Перед тем как уйти, она уткнулась в бок Рами и дернула его за рукав. Почему, спросила она, все часы в задней комнате дома отстают ровно на один час?
Рами это тоже озадачило, пока он не вспомнил, что время между Израилем и Арменией отличается на час. А быть может, часы просто напоминали ей о родине. А быть может, – подумал он позднее, – часовщица просто не желала оставаться в том времени, и в задней комнате дома она всегда находилась на час в будущем, как будто вещи, которые произошли там, здесь еще не наступили.
473
Пелед проносил часы Pelex через всю войну сорок восьмого года, через все заседания в кнессете, через шестидневную войну, через войну Судного дня, соглашение с Садатом, отвод войск из Синайского полуострова, вторжение Ливана и первую палестинскую интифаду. Часы были своего рода талисманом. В своем личном дневнике, летом тысяча девятьсот девяносто четвертого года, он записал, что единственный раз, когда не хотел их надевать и смотреть на них, был на заключении Ословских соглашений.

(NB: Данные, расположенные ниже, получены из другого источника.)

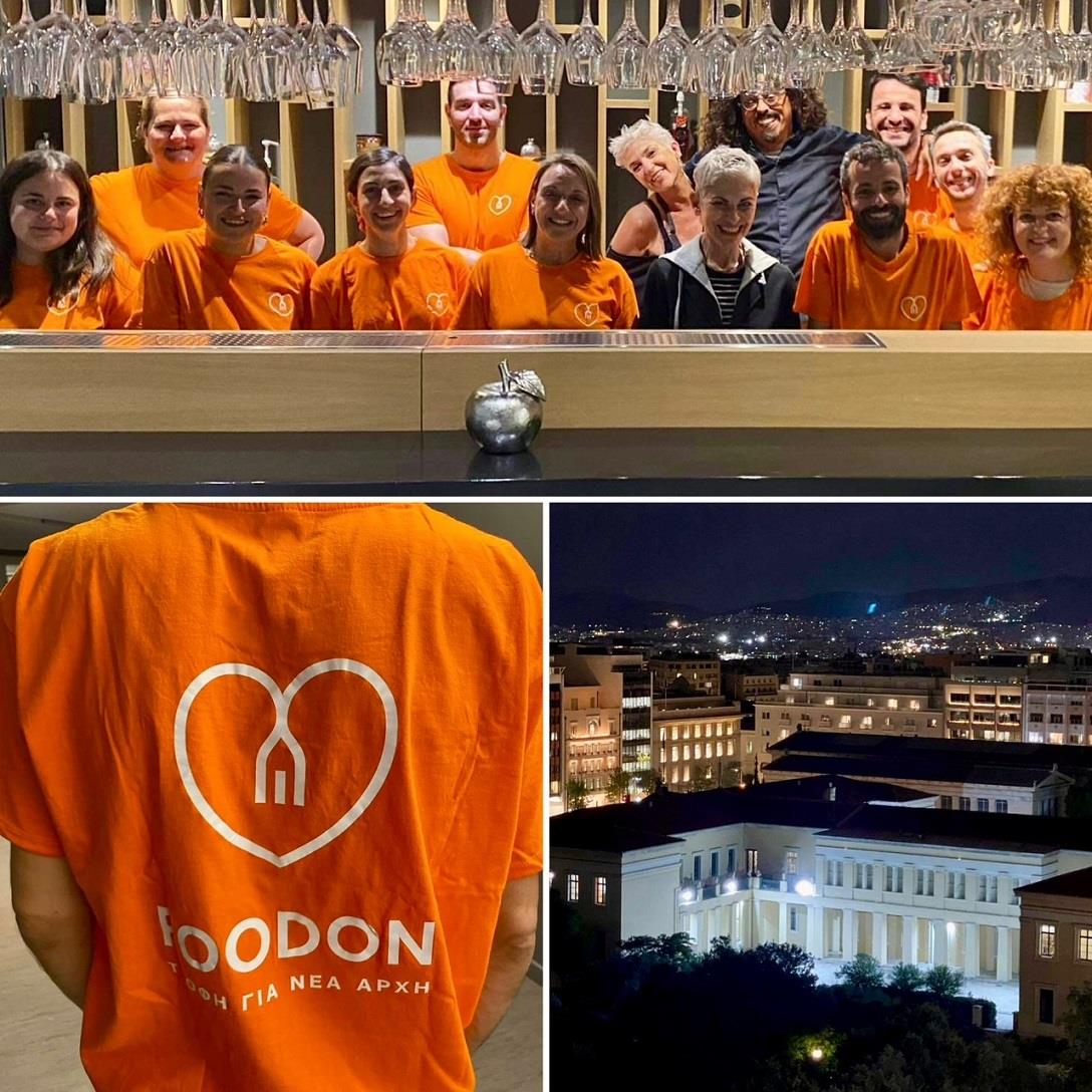 Η εμπειρία μου δεν τελείωσε όμως στο κομμάτι της εκπαίδευσης αλλά πήγε και πιο πέρα με την άλλη, σημαντικότατη δράση που ονομάζεται Social Dining, η οποία ήταν και η πρώτη δράση στο ξεκίνημα της FoodOn, με αξιοσημείωτα αποτελέσματα. Το σκεπτικό έχει ως εξής: Στο άλλο μισό του χώρου της οδού Ακαδημίας έχει στηθεί ένα εστιατόριο 50 θέσεων, με καταπληκτική θέα στη φωτισμένη Ακρόπολη και την πόλη, όπου σε τακτά χρονικά διαστήματα οργανώνονται δείπνα που τα ονομάζω δείπνα αγάπης. Ένας, δύο ή και περισσότεροι σεφ, διαφορετικοί κάθε φορά, ετοιμάζουν ένα δείπνο με τη βοήθεια μιας ομάδας από εθελοντές και σπουδαστές. Πελάτης μπορεί να είναι ο καθένας, αυτός που έχει τη δυνατότητα να πληρώσει για ένα γεύμα έξω από το σπίτι του σε ένα συμβατικό εστιατόριο. Στην -εξαιρετικά καλή - τιμή των € 35 περιλαμβάνεται και το κόστος συμμετοχής ενός ωφελούμενου ο οποίος έχει υποδειχθεί από τις κοινωνικές υπηρεσίες. Οι συνδαιτυμόνες δεν γνωρίζονται μεταξύ τους. Ακόμα κι αν εγώ πάω με την παρέα μου δεν θα καθίσουμε μαζί παρά θα ανακατευθούμε για να μοιραστούμε το φαγητό μας γύρω από ένα τραπέζι δίνοντας χαρά ο ένας στον άλλον, χωρίς να ξέρουμε τίποτα για τη ζωή ο ένας του άλλου, παρά μόνον όσα φέρει η κουβέντα κι όσα θέλουμε να βγάλουμε προς τα έξω. Αυτό που - μηχανικά σχεδόν - λέμε, ότι το φαγητό ενώνει τους ανθρώπους, βρίσκει εδώ την πρωταρχική του σημασία, κι αυτό είναι το σπουδαίο με τα δείπνα της FoodOn.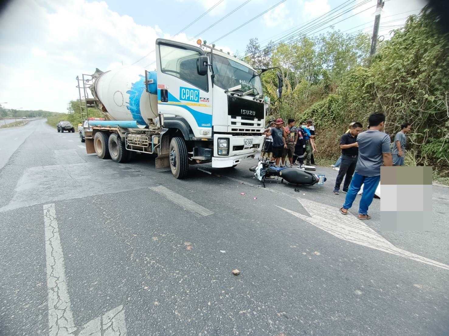 วันที่ 25 มี.ค. 2567 พนักงานสอบสวน สภ.ทุ่งใหญ่ จ.นครศรีธรรมราช รับแจ้งเกิดอุบัติเหตุรถบรรทุกโม่ปูนชนรถจักรยานยนต์ มีคนเสียชีวิต 1 ราย บาดเจ็บ 1 ราย เหตุเกิดบนถนนสายเอเชีย 41 นครศรีฯ – กรุงเทพ ขาล่องใต้ หมู่ 7 บ้านทับควาย ต.ปริก อ ทุ่งใหญ่ จึงพร้อมด้วยเจ้าหน้าที่มูลนิธิมต้เต็กตึ๊งทุ่งใหญ่ รีบเดินทางไปตรวจสอบ

Эти переговоры, записал он, были произведением камерной музыки, замаскированным под симфонию, временная целительная мазь для палестинского уха, но написанным, увы, только для израильской скрипки.
472
После того как он вышел из морга, Рами нужно было поехать к дому отца: чтобы рассказать ему, что случилось со Смадар. Отец сидел в маленькой гостиной, смотрел новости. Ицхак еще ничего не знал: по телевизору имен пока не объявили.
Рами выключил его, пододвинул стул. Отец, почти восьмидесятилетний старик – с натянутым на колени пледом, – смотрел в одну точку перед собой куда-то над плечом Рами. Он пошевелил губам, но не издал ни звука. Как будто пытался распробовать новый вкус.
Ицхак положил руку на переносицу, потом медленно поднялся и сказал: я сильно устал, сынок, мне надо поспать.
471
Как будто вещи, которые произошли там, здесь еще не наступили.
470
Возвращаясь из монастыря, Рами ехал на мотоцикле впереди, указывая дорогу тормозными фарами, лавируя между дорожными ямами.
Слева от Бассама ландшафт уже озарялся первыми лучами. Автострада – только для граждан Израиля – идет через всю долину, блестя с одной стороны желтым, с другой красным цветом, некоторые вели к Хеврону, некоторые к Иерусалиму, некоторые к Мертвому морю.
469
Бассам приоткрыл окно машины, чтобы выпустить дым.
В тюрьме одну сигарету могли делить две-три тюремные камеры. Ночью он видел, как вдоль длинных коридоров пульсирует красный пепел, переходя от одной камеры к другой. Заключенные высовывали руки из отверстий в дверях тюремных камер, чтобы поймать перекинутую от соседа контрабанду. Сигареты были привязаны на длинных обрывках зубной нити и в темноте похожи на маленькие мерцающие планеты.